MATERIALS AND METHODS. Our database identified 41 patients with symptomatic fractures more than 1 year old. These patients were categorized into subgroups determined by fracture age: 12 months 1 day–24 months (n = 16) or more than 24 months 1 day (n = 25). Changes in pain and mobility for the study group were compared with those in 49 patients with fractures less than 1 year old.

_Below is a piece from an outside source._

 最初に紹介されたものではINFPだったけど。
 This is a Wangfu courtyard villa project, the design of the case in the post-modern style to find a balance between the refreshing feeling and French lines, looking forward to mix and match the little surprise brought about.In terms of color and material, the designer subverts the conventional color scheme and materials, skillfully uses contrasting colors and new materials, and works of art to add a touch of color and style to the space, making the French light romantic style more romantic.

RESULTS. Thirty-three (80%) of the 41 patients in the study group had improvement in pain—seven (17%) had complete and 26 (63%) had partial relief. Forty-five (92%) of the 49 control group patients had improvement in pain—24 (49%) had complete and 21 (43%) had partial relief. The number of patients achieving partial or complete relief of pain was not statistically different between groups (p > 0.05), although complete relief was significantly more frequent in the control group (p = 0.002). Twenty patients (49%) in the study group versus 34 patients (69%) in the control group had improved mobility after vertebroplasty (p = 0.047). Patients with fractures 12 months 1 day–24 months old had improvement in mobility similar to that in patients in the control group (p = 0.962). Fractures more than 24 months 1 day old were associated with significantly less improvement in mobility (p = 0.006).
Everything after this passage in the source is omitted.